We reverse and remand to the district court to remand to the ALJ. We hold that the ALJ must determine under the proper standard whether Kershner has established a medical impairment that could reasonably lead to the type of pain. We further hold that the ALJ is to decide whether — giving Kershner and Dr. Pramuk the deference they are due — Kershner’s pain is so severe as to prevent her from performing basic work skills. We also emphasize that the law does not require Kershner to satisfy the “unusually persuasive” credibility standard that the ALJ imposed below.
REVERSED and REMANDED.
This disposition is not appropriate for publication and may not be cited to or by the courts of this circuit except as may be provided by 9th Cir. R. 36-3.
. The Secretary issues Social Security Rulings ("SSR") to clarify the Secretary's regulations and policy. Bunnell v. Sullivan, 947 F.2d 341, 346 n. 3 (9th Cir.1991) (en banc). Although SSRs do not have the force of law, they represent the Secretary's interpretation of SSA regulations, and we defer to them accordingly. Id. These rulings are especially relevant because they are binding on all components of the Social Security Administration. 20 C.F.R. § 402.35. We will not, however, uphold them if they are inconsistent with the statute and regulations. Bunnell, 947 F.2d at 346 n. 3.
. The Commissioner had argued in its brief that Kershner had waived this argument by not raising it to the Appeals Council. However, the Commissioner filed a Rule 28(j) letter *610on June 19, 2000, conceding that this argument was no longer valid given the Supreme Court's opinion in Sims v. Apfel, 530 U.S. 103, 120 S.Ct. 2080, 2086, 147 L.Ed.2d 80 (2000).

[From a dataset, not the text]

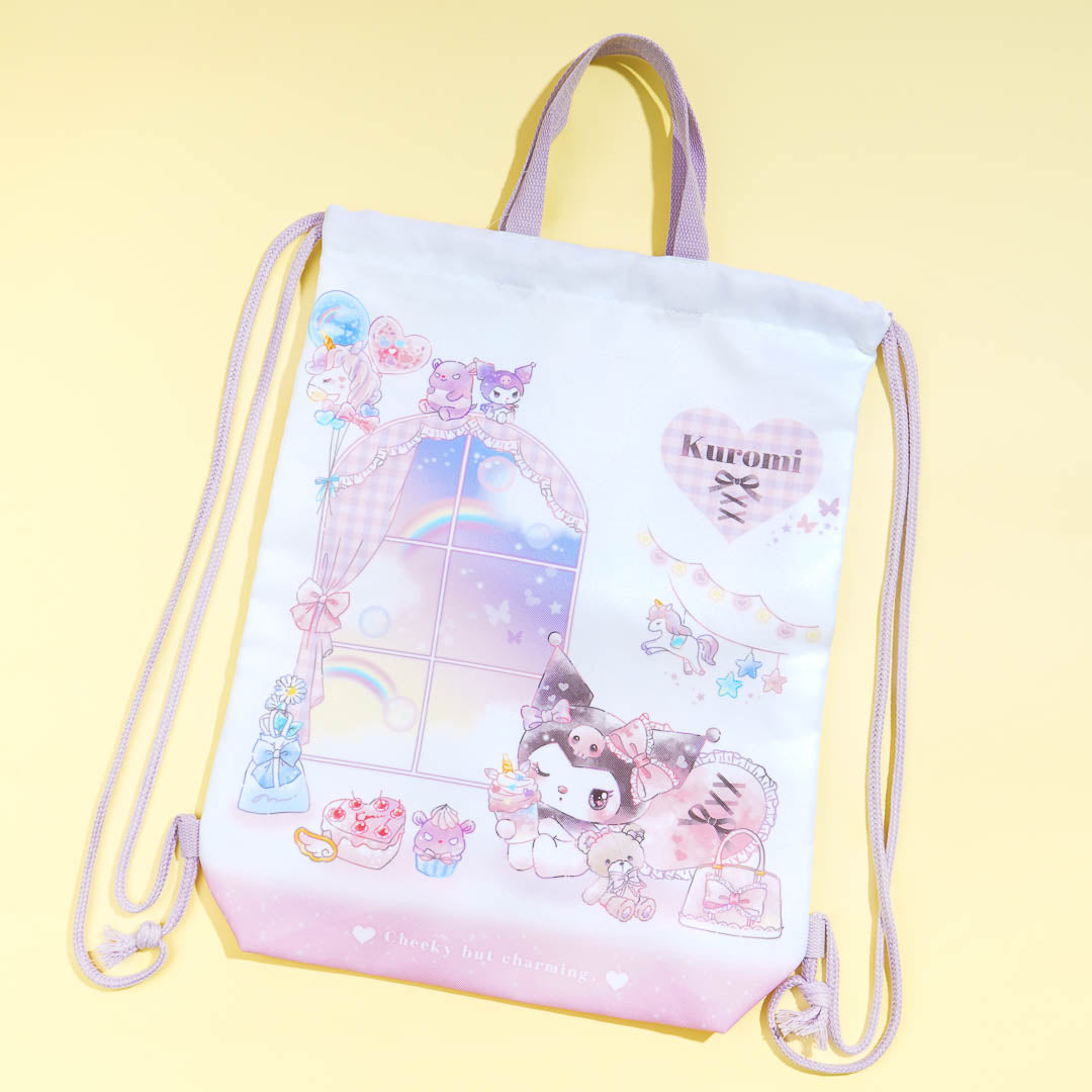 Walk around carrying your phone, wallet, and other essentials inside this kawaii drawstring bag. It features prints of Kuromi relaxing in her room! You can use this bag to bring your gym clothes too.
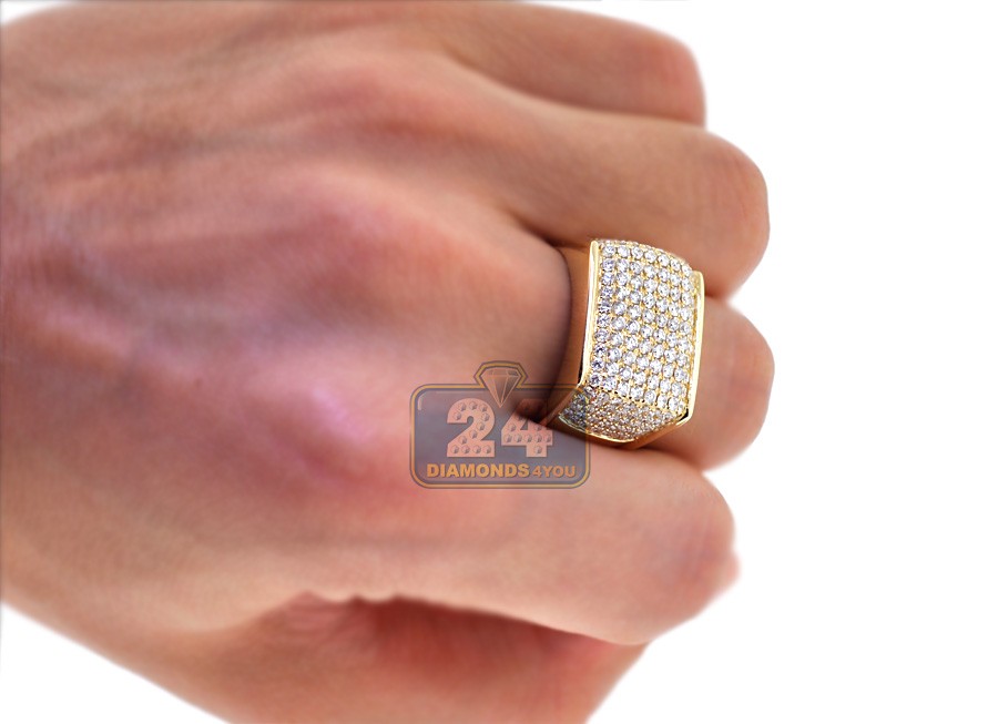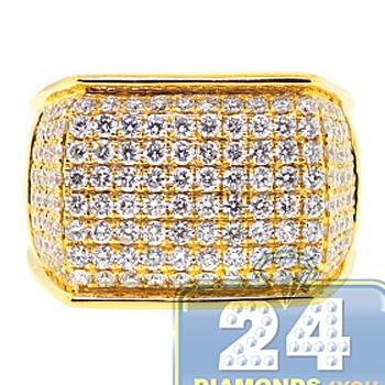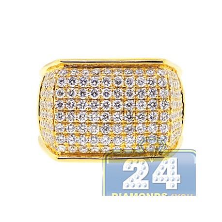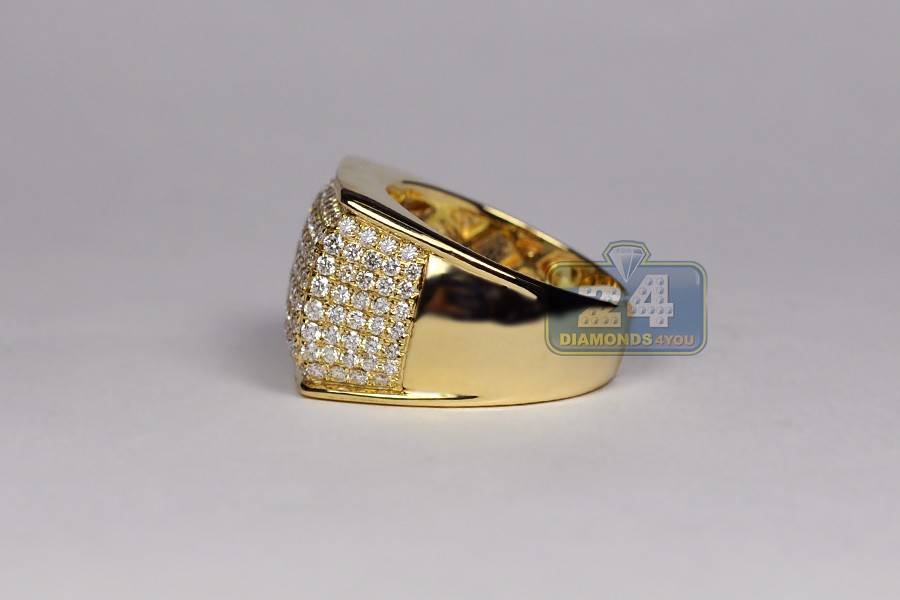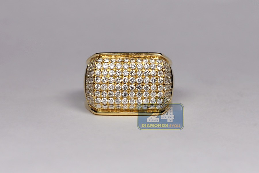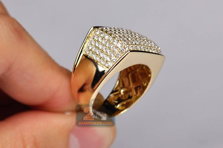 14K Yellow Gold 2.80 ct Diamond Mens Rectangle Signet Ring

The Commissioner continues to assert, however, that Kershner waived her right to make this argument by not raising it to the district court. Kershner has not waived this argument. In her district court brief, Kershner specifically discussed Dr. Kundin’s "Wad-dell's signs" diagnosis and argued that it was not supported by substantial evidence. By making this argument, Kershner raised the argument sufficiently for the trial court to rule on it. See Gen. Signal Corp. v. MCI Telecomms., Corp., 66 F.3d 1500, 1511 (9th Cir.1995).